India Leads the Way on Google’s Nano Banana with a Local Creative Twist
India emerges as the top country for Google’s Nano Banana usage, with users creating retro Bollywood portraits, AI sarees, and cityscape selfies. The Gemini app surges in popularity on App Store and Google Play, showcasing India’s unique and creative engagement with AI image-generation.
Google’s Nano Banana image-generation model, officially known as Gemini 2.5 Flash Image, has fueled global momentum for the Gemini app since launching last month. In India, the model has taken on a creative life of its own, with retro portraits and local trends going viral — even as privacy and safety concerns emerge.
India has emerged as the No. 1 country in Nano Banana usage, according to David Sharon, multimodal generation lead for Gemini Apps at Google DeepMind. The model’s popularity has also propelled the Gemini app to the top of the free app charts on both the App Store and Google Play in India, and the app has climbed to the top of global app store charts, according to Appfigures.
Given India’s scale — the world’s second-largest smartphone market and the second-largest online population after China — it is no surprise that the country is leading the adoption. What stands out to Google is how people are using Nano Banana: millions of Indians are engaging with the AI model in ways that are uniquely local, highly creative, and sometimes unexpected.
Local Creative Trends
- Retro Bollywood Portraits: Indians are recreating 1990s Bollywood-inspired looks, complete with period-specific fashion, hairstyles, and makeup.
- AI Saree Trend: Vintage-style portraits of individuals wearing traditional Indian attire.
- Cityscapes & Iconic Landmarks: Users generate selfies in front of landmarks like Big Ben and U.K. retro telephone booths.
- Transformative AI Creations: Time-travel effects, retro postage stamps, black-and-white portraits, and visualisations of encounters with younger selves.
- Global Trend Amplification: India helped popularise trends like the figurine trend, which originated in Thailand and Indonesia.
Beyond images, Indian users are leveraging Google’s Veo 3 AI video-generation model on the Gemini app to create short videos from old photos of grandparents and great-grandparents.
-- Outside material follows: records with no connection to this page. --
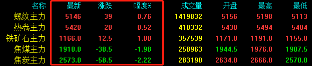 期螺上漲39收報5146,期卷上漲28收報5428,鐵礦石上漲12.5收報1166,焦煤下跌38.5收報1910,焦炭下跌58.5收報2573。
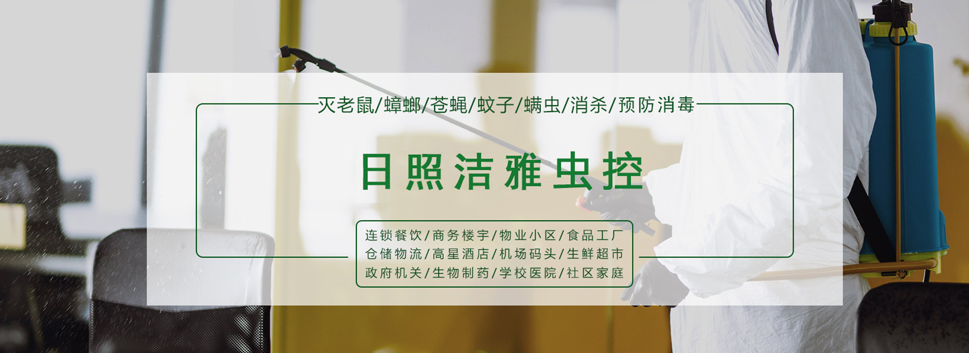 日照潔雅有害生物防治有限公司專業從事有害生物防治及滅殺、預防性消毒、冷鏈食品消毒等業務.為賓館、酒店、飯店、寫字樓、大中型餐廳、食品加工廠、醫院、小區、學校、商場、娛樂場所等各類場所提供有害生物綜合治理服務及預防服務。
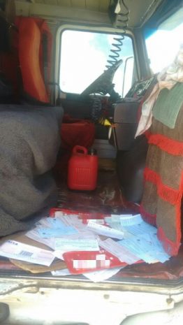 Após receber informações de que havia um caminhão abandonado em um posto de combustível no quilômetro 57 da rodovia, os policiais foram até o local e constataram que se tratava de um veículo roubado. Na cabine foram encontrados os cheques, duas placas de aluguel de um caminhão idêntico ao recuperado e uma Carteira Nacional de Habilitação (CNH) com indícios de falsificação.

Gemini App Popularity in India
Nano Banana’s Retro trend sample Image Credits:Google
Between January and August, the app saw an average of 1.9 million monthly downloads in India — about 55% higher than in the U.S. — accounting for 16.6% of global monthly downloads, per Appfigures. India downloads have totalled 15.2 million this year until August, while the U.S. has had 9.8 million downloads.
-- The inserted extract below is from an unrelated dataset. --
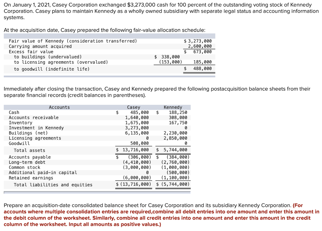 Solved On January 1, 2021. Casey Corporation exchanged | Chegg.com

Daily downloads surged following the Nano Banana update on September 1, starting with 55,000 installs and peaking at 414,000 on September 13. Gemini has held the top overall spot on the iOS App Store since September 10 and on Google Play since September 12, including across all categories.
Nano Banana’s Figurine samples Image Credits: Google
Revenue and In-App Spending
India does not top in-app purchases; the Gemini app has generated an estimated $6.4 million globally on iOS since launch. The U.S. accounts for $2.3 million (35%), while India contributes $95,000 (1.5%). However, India posted a record 18% month-over-month growth in spending between September 1–16, compared to an 11% global increase, putting it ahead of the U.S.
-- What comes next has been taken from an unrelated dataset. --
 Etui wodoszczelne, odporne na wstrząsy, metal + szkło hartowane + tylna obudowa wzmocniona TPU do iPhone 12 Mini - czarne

Privacy and Safety Measures
Google acknowledges concerns about users uploading personal photos to transform their appearance. Sharon stated:
“When a user asks us to fulfill their query, we do our best to fulfill that query. We don’t try to assume what the user’s intent is. We’ve really tried to improve that, and we have improved that to be bold and fulfill your request.”
Google adds a visible diamond-shaped watermark on images generated by Nano Banana and embeds a hidden marker using SynthID, which allows detection and flagging of AI-generated content. Google is testing a detection platform with trusted testers, researchers, and experts, with plans for a consumer-facing version to check if an image is AI-generated.
“This is still day one, and we’re still learning together. There are things that we might need to improve on, and feedback from users, press, academia, and experts helps us improve,” Sharon said.